Official code release for Self-Induced Outcome Potential: Turn-Level Credit Assignment for Agents without Verifiers.
- Paper: arXiv:2605.04984
- Repository: github.com/dl-m9/SIOP
- Base framework: verl
SIOP is a verifier-free reinforcement learning method for long-horizon LLM agents. It uses the model's own rollout distribution to build semantic outcome states, then assigns turn-level credit to intermediate information-gathering turns. The method is designed for settings where final-answer supervision or task-specific verifiers are unavailable or unreliable.
This repository is a compact public implementation of the main SIOP training path. It includes:
- SIOP process reward construction.
- Semantic answer clustering with NLI.
- vLLM-based scoring service for cluster support estimation.
- Turn-level token reward placement.
- SIOP advantage estimation inside verl PPO.
- Multi-turn search-agent training and evaluation launchers.
- Public configuration files with placeholders only.
It does not include datasets, checkpoints, logs, W&B runs, private machine paths, ablation wrappers, or one-off experiment scripts.
For each prompt, SIOP samples multiple rollouts from the current policy. Final answers are clustered into semantic outcome modes using bidirectional entailment. These clusters act as latent future states. SIOP then builds a reliability-aware target distribution over the clusters and scores whether each intermediate assistant turn increases support for reliable future outcomes.
The implementation follows a three-stage pipeline:
- Cluster pass: extract rollout answers, group outputs by prompt, and cluster final answers into semantic modes.
- Scoring pass: query a SIOP scorer to estimate support for reference answers at each assistant turn.
- Reward pass: convert consecutive support changes into per-turn process rewards and place them on token boundaries.

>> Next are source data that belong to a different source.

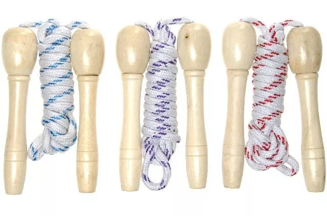 Springtouw met 14.5 cm lengte handvaten. Per stuk in zakje met kopkaart verpakt.
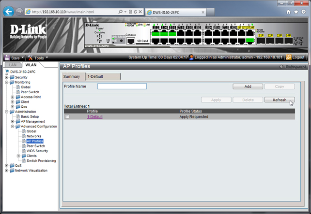 Если после этого несколько раз нажать кнопку «Refresh»,  то в столбце информации о состоянии изменённого профиля можно увидеть последовательно меняющийся статус: сначала «Apply Requested», а затем «Associated».
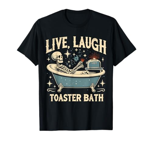 Vintage Live Laugh Toaster Bath Gifts Tee Co Unisex Adult Skeleton Bathroom Humorous Design T-Shirt Black S
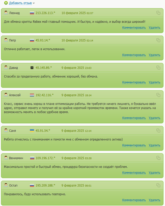Как уже говорилось ранее, много откликов о Rebex io можно прочитать на сайте Bestchange. Здесь у криптообменника только положительные отзывы. Пользователи довольны скоростью обмена, курсом и в целом качеством услуги. По комментариям можно сделать вывод, что служба поддержки на сайте также хорошо работает. Более того, по любым вопросам менеджер дает ответы даже на площадке Bestchange.
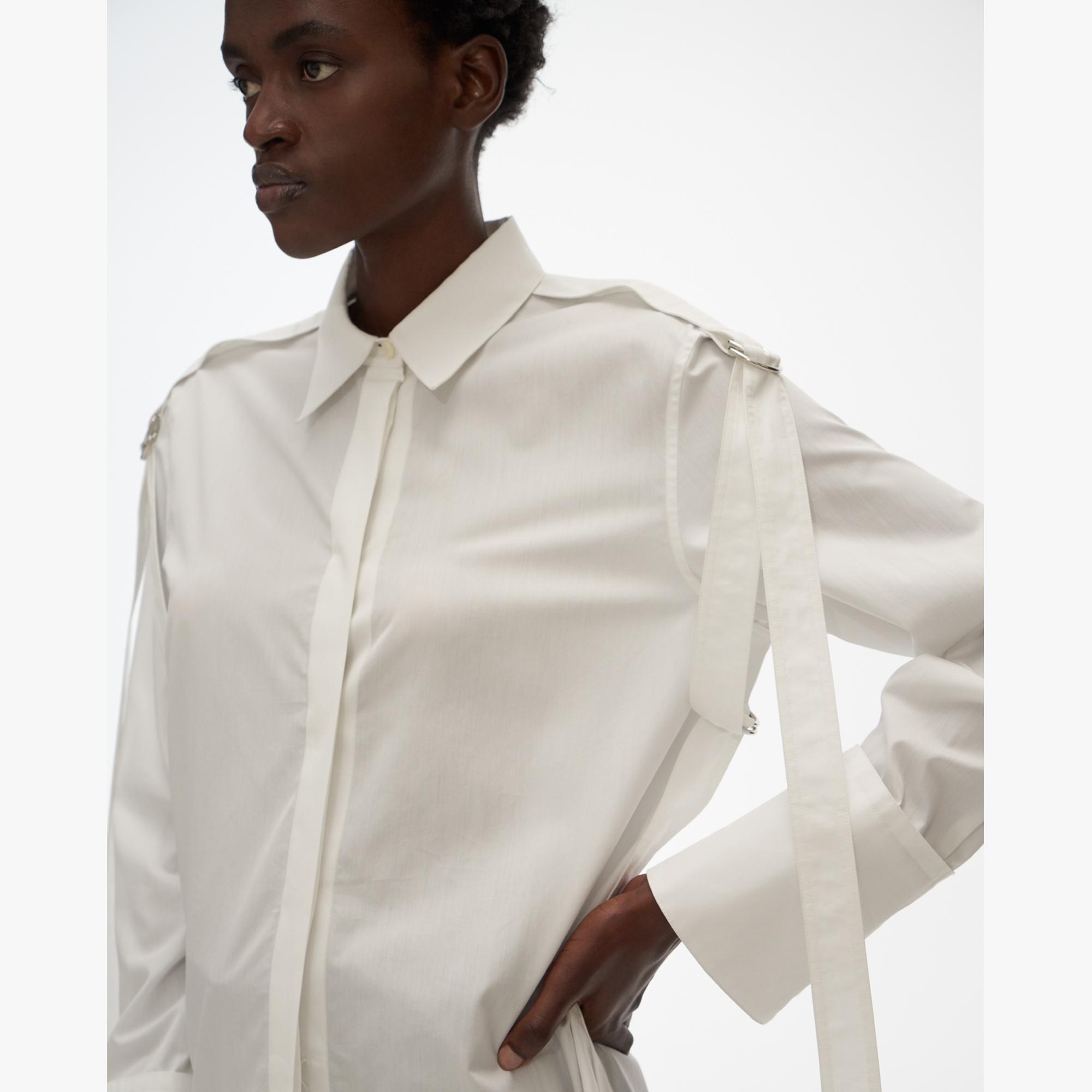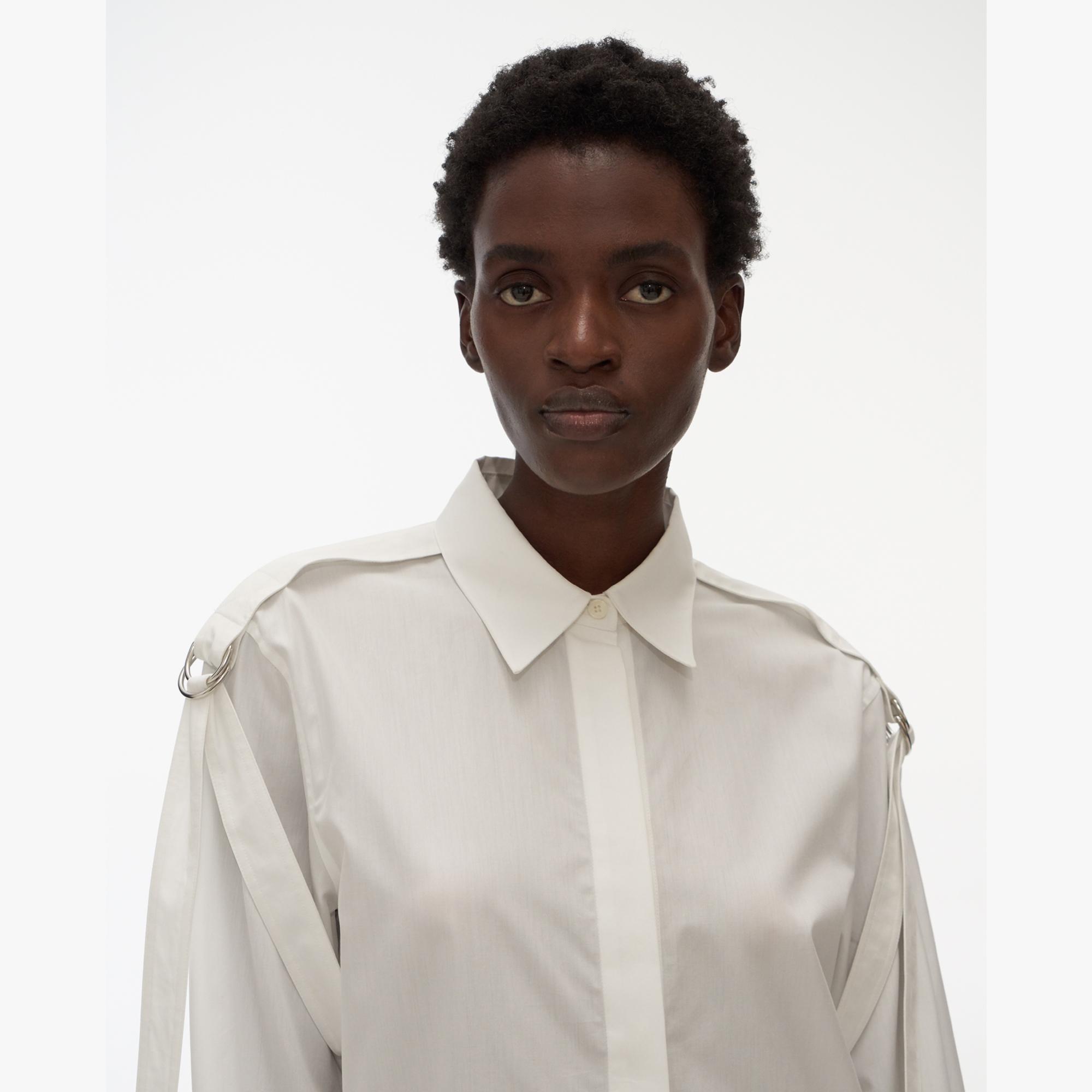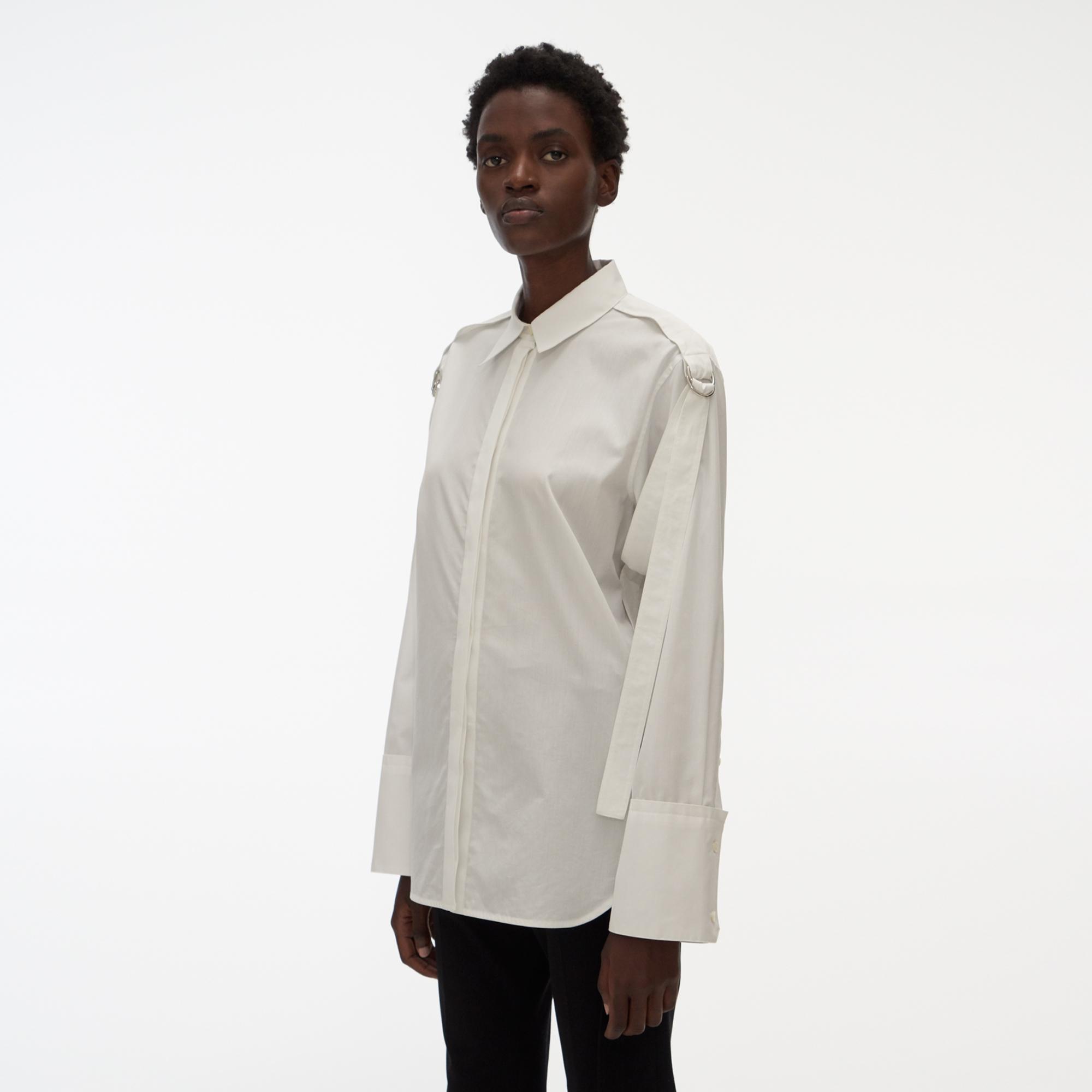 The Helmut Lang Strap Shirt is a slightly oversized cotton shirt with a point collar, strap details, and D-ring closures
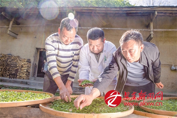 “十四五”期間,我市持續(xù)推進(jìn)茶產(chǎn)業(yè)發(fā)展,努力實現(xiàn)茶產(chǎn)業(yè)“四時有收”。圖為紫陽白茶非遺制作技藝代表性傳承人在高橋鎮(zhèn)裴壩村,向茶農(nóng)推廣紫陽白茶非遺制作技藝。 李勝璋 攝?
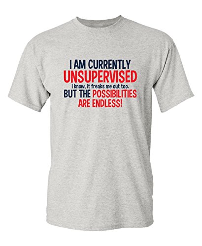 I am currently unsupervised. I know, it freaks me out too. But the possibilities area endless! Funny T-Shirt. The best part is when you pull this shirt over your head you become the center of attention. The finest quality cotton tee. They fit great, preshrunk and we only use brand name tees. The t-shirts are heavy weight cotton tees. We have over 1000 designs. Check out our store for more funny and novelty t shirts that will become your favorite.
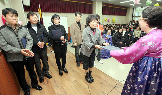 1일 대한주부클럽연합회 전주·전북지회에서 열린 제12회 전북소비자대회에서 착한가게로 선정된 업소대표들이 착한가게 인증서를 전달받고 있다.

The resulting rewards are consumed by the siop advantage estimator in verl.
.
├── train_siop.sh # Main training entrypoint
├── eval_siop.sh # Validation-only entrypoint
├── launch_siop_scorer.sh # vLLM + NLI scoring server launcher
├── launch_retriever.sh # Local retrieval service wrapper
├── config/
│ ├── local_search_tool_config.yaml # Local retriever tool config
│ └── serper_tool_config.yaml # Optional web search tool config
└── verl/
├── utils/siop/ # Clustering, scoring client/server, process rewards
├── utils/reward_score/siop_reward.py
├── trainer/ppo/core_algos.py # SIOP advantage estimator
├── trainer/ppo/ray_trainer.py # SIOP reward pipeline integration
└── tools/ # Multi-turn search tool implementations
| Component | Path | Purpose |
|---|---|---|
| Process reward pipeline | verl/utils/siop/siop_process_reward.py |
Clusters rollouts, scores cluster references, computes turn rewards |
| NLI clustering | verl/utils/siop/nli_clustering.py |
Groups semantically equivalent answers |
| Scoring server | verl/utils/siop/scoring_server.py |
Serves /cluster, /score, /nli_score, and /health |
| Scoring client | verl/utils/siop/scoring_client.py |
Batched HTTP client used during training |
| Token reward placement | verl/utils/reward_score/siop_reward.py |
Places turn-level rewards at assistant turn boundaries |
| Advantage estimator | verl/trainer/ppo/core_algos.py |
Registers adv_estimator=siop |
| Trainer integration | verl/trainer/ppo/ray_trainer.py |
Calls the SIOP reward pipeline during PPO rollout processing |
| Local search tool | verl/tools/local_search_tool.py |
Calls a local retrieval endpoint for multi-turn search |
The code targets Python 3.10+ and GPU training with Ray, PyTorch, Transformers, and vLLM. A typical setup needs:
- CUDA-capable GPUs for rollout and training.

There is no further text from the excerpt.